Along the way, we get a veritable depot of ’shipper fuel, as all involved continue cycling through pairings to find the most convincing setup. For one brief moment, it feels like we might have reached the button for the scene—Guillermo points out that they could have just hypnotized the headmaster into accepting Colin into the school in the first place—only to have the vamps blow past him (Nadja: “Did this bitch just say what I think he said?!”) and dive even deeper into the wildness. The final montage—Nadja married to Sean, Nadja’s talking doll claiming to be a single mother, Laszlo trying to convince the headmaster that they’re Colin’s fathers, and an attempted pairing between Vulcano’s corpse and a wild skunk—makes absolutely zero sense, in practical terms. But who the fuck cares? It’s some of the most energetic comedy this show has ever generated and it had me clapping my hands with every bizarre twist.
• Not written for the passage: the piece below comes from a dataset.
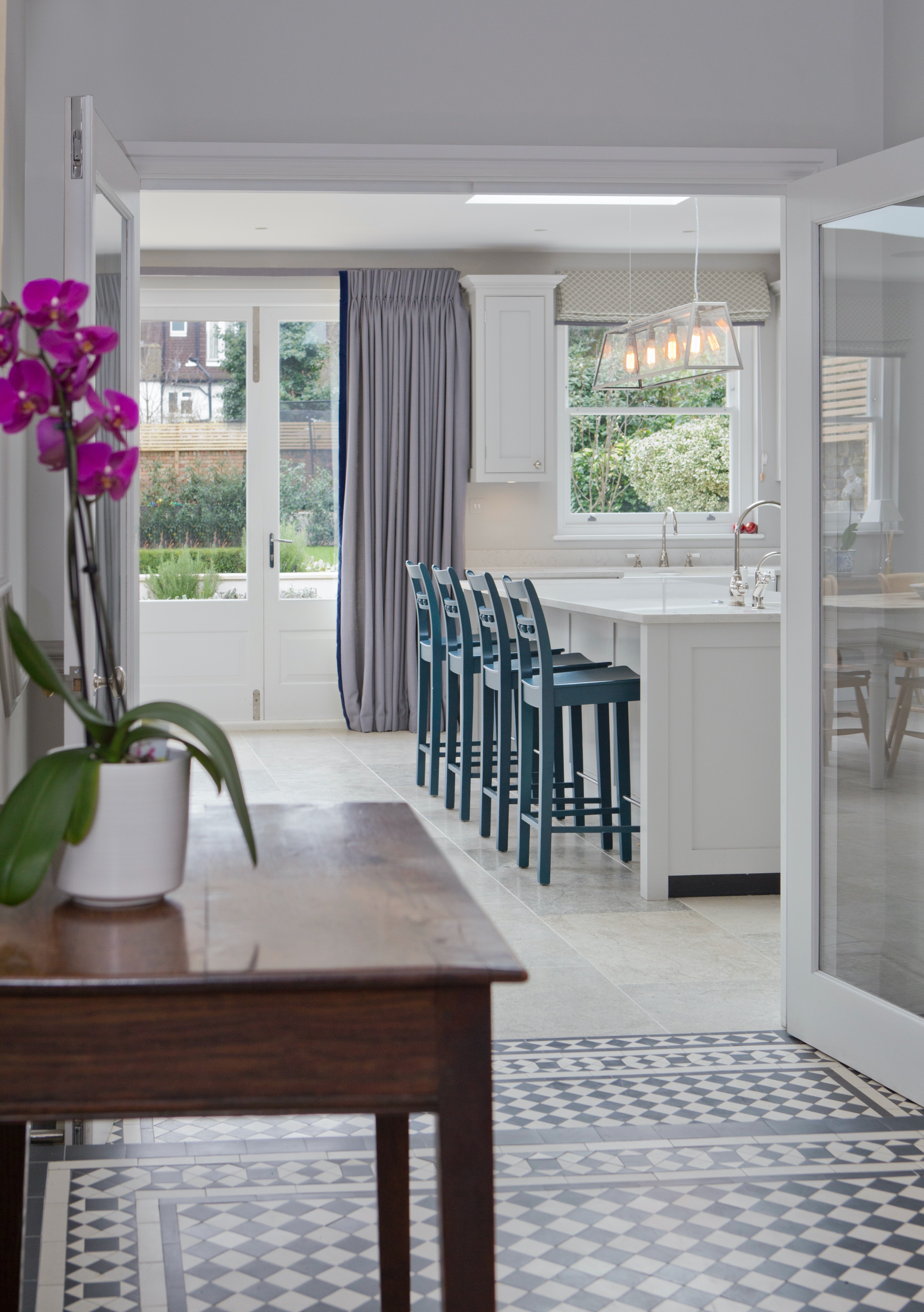 This was our third project with clients who had moved to an incredible house, built in Queen Victoria's Great Exhibition. Despite the abundance of amazing period detail, we designed a huge false chimney breast which accommodated a large Aga and provided strong symmetry to such a big space. Very happy mememories deliberating over the perfect French grey for this kitchen!

Ultimately, we get to a punchline—the headmaster, who was never that interested in the family situation stuff in the first place, calmly requesting Colin’s transcripts, which of course the vampires do not have—that then gets, in typical WWDITS style, one-upped: The whole endeavor is rendered moot because they gave the poor man a massive stroke with all the repeated brainwashings. (Laszlo: “Most human beings can only take 7 hypnoses per hour. That man went through 428.”)

The actual plot upshot is to reveal (through a little educational bribery) that both Guillermo and Nadja are embezzling from the nightclub, which is the sort of thing that would matter a lot more in a show where continuity existed as anything but a way to set up the next gag. (Although the different ways the duo respond to getting caught—Guillermo nervously offering the camera crew a bribe, and Nadja cheerfully threatening to kill them and everyone they’ve ever loved if they rat on her—do serve as well-observed character notes.)
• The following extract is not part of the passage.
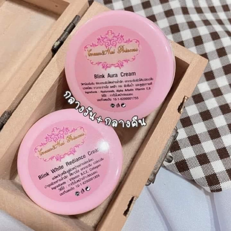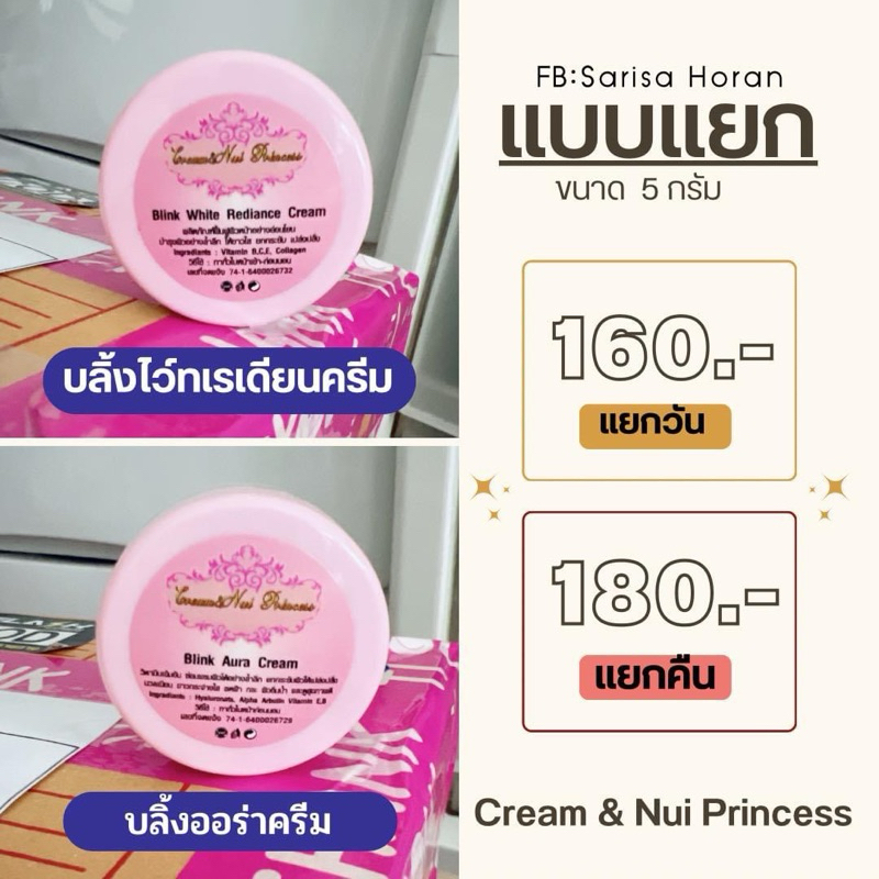 แบบแยกครีมบลิ้งออร่าครีมกลางวันครีมกลางคืน ครีมบลิ้งไวท์เรเดี้ยน สิว ฝ้า กระ จุดด่างดำ (ขนาด 5 กรัม)

We end with a quick wrap-up: The vamps are now forcing Baby Colin Robinson to play constant sports to burn off his energy; Nandor spends a wish to de-scrunch his face; we conclude, as all wholesome family sitcoms do, with an annoyed Nandor yelling at Laszlo, “No reaming for you tonight!” Truly, the status quo has been restored. But what a way to get there!

Stray observations

  • “The child that crawled out of the abdomen of our dead friend Colin Robinson”—the commitment to finding new ways to explain Baby Colin remains very high.
  • “Gizmo, shut the fuck up! We’re doing a piece to cam-er-ah!” Matt Berry, folks.
  • Good “acknowledging the camera” gags all over the place tonight, actually.
  • Nandor’s djinn-based cosmetic changes are nicely escalated throughout the episode.
  • There’s a genuinely sweet moment when Laszlo comforts Baby Colin Robinson after the 143-year-old kid vampires at the club rebuff his attempts to be friends.
  • Nadja runs her human impression by Guillermo: “Oh, I love pizza so much!”
    “…That’s pretty good.”
  • Natasia Demetriou scream-singing “Nine!” after Guillermo fills her in on Colin’s age just slayed me.
  • “We are like two French trombones.”
    “This guy? I ream him nightly.”
    “And I am always sucking him off. They are like ‘Come it’s dinner! Stop sucking off your gay husband!’”
    “Which is amusing, because I am dinner. And I just carry on reaming him. Sexually.” Emmys for Kayvan Novak and Matt Berry, please.
  • “Burr burr I couldn’t possibly say anything but Lionel fucking Barrymore’s kids might just go here burr burr.” This, this is why I’ve been sad to see Nadja stuck in the most boring plot-lines these last few weeks.
  • “What the actual fuck is that? Is that a talking doll?!” Atamaniuk has some fantastic reactions throughout the entire bit.
  • The only pairing Laszlo won’t accept: him and Gizmo.